▸ BRIEF: Copy the lines below, please, starting with the one that contains "Siyah Püsküllü Erkek Deri Kösele Ayakkabı" and ending with the last. Pictures stay out.

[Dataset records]

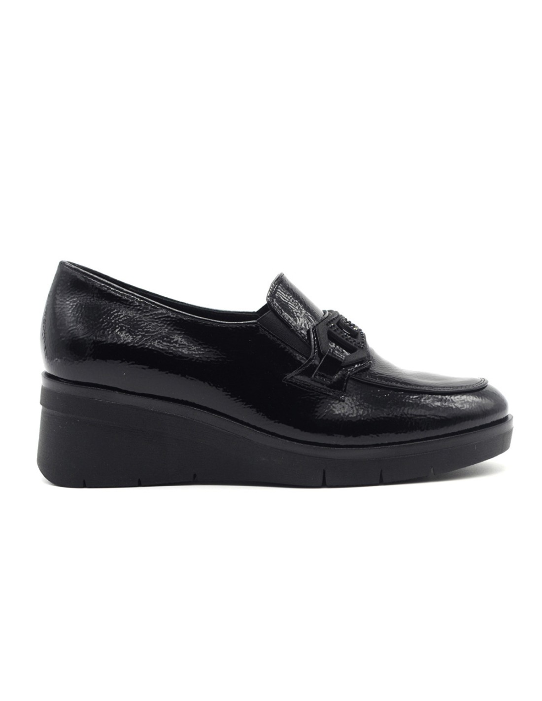 Zapatos con tacón de 7 cm aproximadamente, en charol y ante sintético, con elásticos y banda
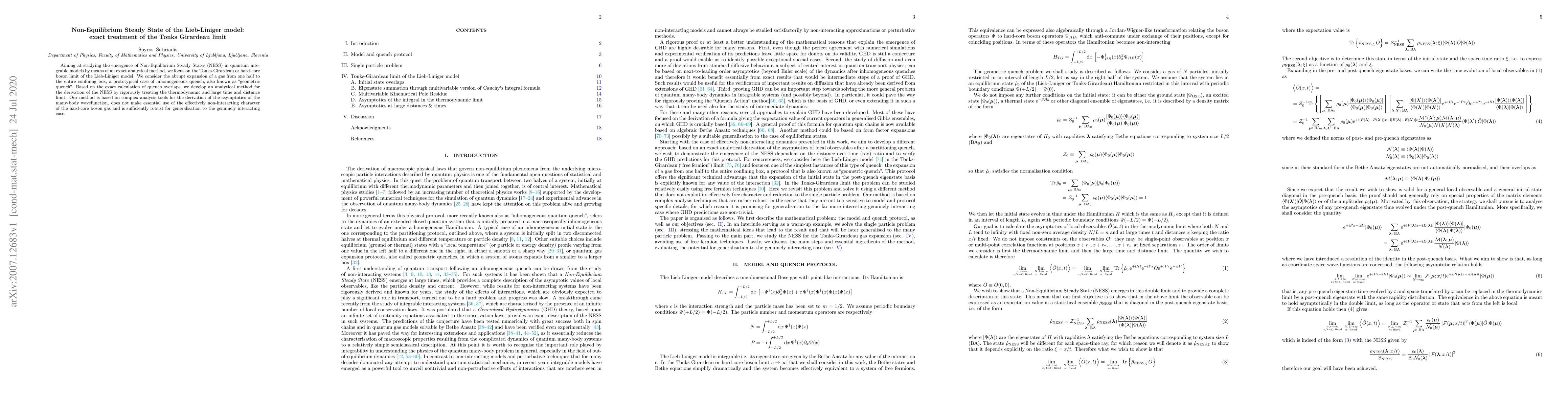 This paper develops an exact analytical method to study Non-Equilibrium Steady States (NESS) in the Tonks-Girardeau limit of the Lieb-Liniger model, focusing on the inhomogeneous quench scenario. The authors employ complex analysis to derive the NESS without relying on the non-interacting nature of the hard-core boson gas, and the method is robust for generalization to interacting systems.
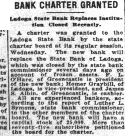 BANK CHARTER GRANTED Ladoga State Bank Replaces Institution Closed Recently. A charter was granted to the Ladoga State Bank by the state charter board at its regular session, The new bank will replace the State Bank of Ladoga, which was closed by the state bank several days ago frozen of Greencastle president Homer is and James Ladoga, of Greencastle in cashier. are experienced cording to the report of the state bank missioner Luther to of the charter new bank have capital stock of 25,000. More than subscribers petitioned the board for the charter.
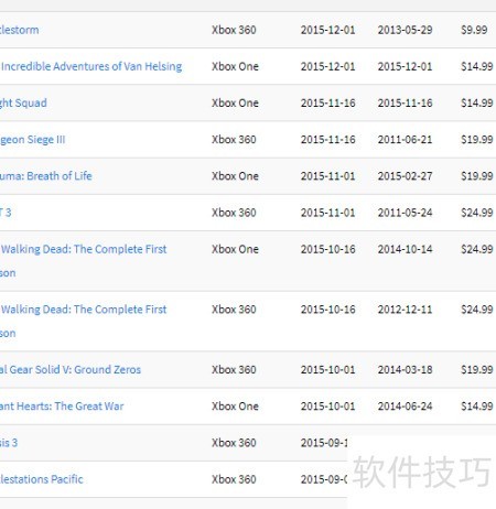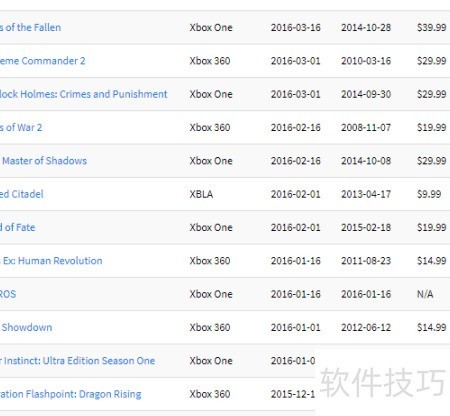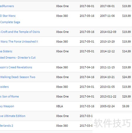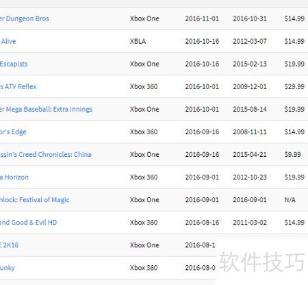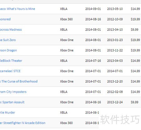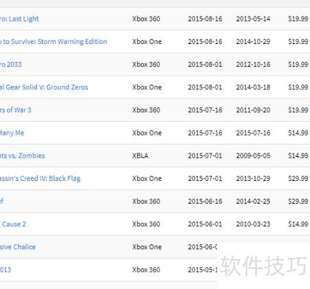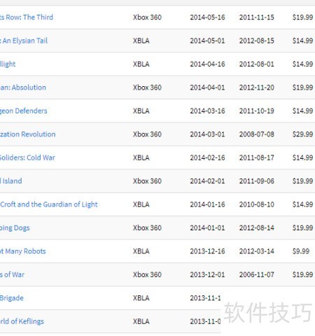 4、 以下为历次金牌会员免费游戏的完整列表,每款游戏标题均附有直达Xbox.com商城的链接。Xbox Live用户可在空闲时段登录网站,无需通过主机即可领取相应游戏。表中GWG发布指该作作为金牌免费游戏上线的日期,原始发布表示游戏最初登陆Xbox平台的时间,而常规价格则记录了其在参与免费活动前于Xbox商店的数字版售价,并非实体零售定价。此信息便于玩家追溯和了解各作品的历史获取方式与市场价值。
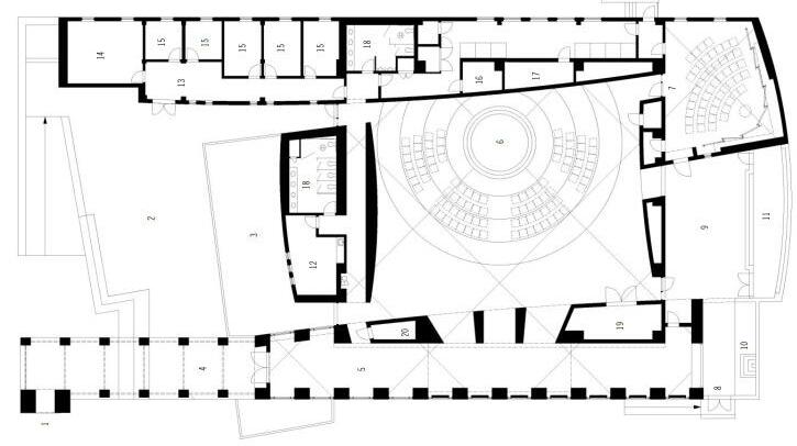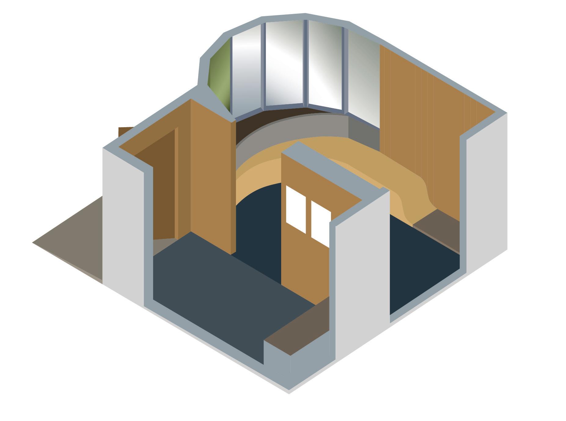 Luonnon valon puute ratkaisutettiin takavalaistetuilla lasipaneeleilla. Tila on tarkoitettu erilaisille ryhmätapahtumille. Tämän takia siellä on korostettu juostavuus: salissa ei ole kiinteitä kalusteita, mikä mahdollista monta eri vaihtoehtoja tilan käyttöön.
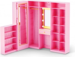 Il Guardaroba dei Sogni Mini Fashion, in rosa, trasforma la cameretta in uno studio di moda. Offre uno specchio con illuminazione, una barra appendiabiti per grucce, mensole per scarpe e borse e una toeletta con sgabello. Grazie alla disposizione intelligente, i bambini imparano a organizzare gli accessori sviluppando al contempo fantasia e motricità fine.
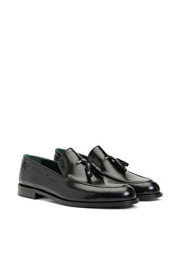 Siyah Püsküllü Erkek Deri Kösele Ayakkabı
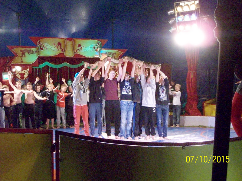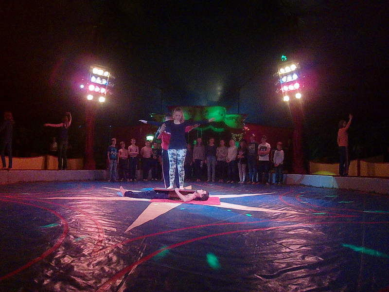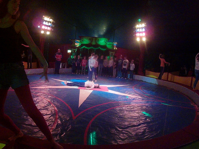 Bei den Fakiren ist die Konzentration und die Ruhe bei der Show wichtig. Deshalb wird am ersten Tag nur die Grundstellung, beide Hände aneinander legen vor dem Körper, geübt. Diese Haltung wird fast die ganze Zeit beibehalten. Nachdem das alle verstanden hatten, wurde die Schlange gezeigt, eine Tiger Python von etwa 4-1/2 m Länge und 60 kg Gewicht. Der Trainer Michel zeigte den 27 Fakiren und den 7 Seiltänzern seiner Gruppe die Glasscherben, über die sie laufen werden. Diese sind nicht abgerundet wie viele denken, sondern sehr scharf, deshalb ist die Konzentration sehr wichtig. Außerdem belehrte er die “Nachwuchsfakire” noch darüber, dass sie das laufen über die Scherben nicht zu Hause ausprobieren sollen. Nachdem der Einlauf klappte, konnten schon ein paar extra Aufgaben verteilt werden. Immer ein Junge und ein Mädchen bildeten ein Paar, der Junge liegt mit dem Rücken auf den Scherben und das Mädchen stellt sich auf seine Brust.

▸ TASK ANSWER:
 Siyah Püsküllü Erkek Deri Kösele Ayakkabı
 Bei den Fakiren ist die Konzentration und die Ruhe bei der Show wichtig. Deshalb wird am ersten Tag nur die Grundstellung, beide Hände aneinander legen vor dem Körper, geübt. Diese Haltung wird fast die ganze Zeit beibehalten. Nachdem das alle verstanden hatten, wurde die Schlange gezeigt, eine Tiger Python von etwa 4-1/2 m Länge und 60 kg Gewicht. Der Trainer Michel zeigte den 27 Fakiren und den 7 Seiltänzern seiner Gruppe die Glasscherben, über die sie laufen werden. Diese sind nicht abgerundet wie viele denken, sondern sehr scharf, deshalb ist die Konzentration sehr wichtig. Außerdem belehrte er die “Nachwuchsfakire” noch darüber, dass sie das laufen über die Scherben nicht zu Hause ausprobieren sollen. Nachdem der Einlauf klappte, konnten schon ein paar extra Aufgaben verteilt werden. Immer ein Junge und ein Mädchen bildeten ein Paar, der Junge liegt mit dem Rücken auf den Scherben und das Mädchen stellt sich auf seine Brust.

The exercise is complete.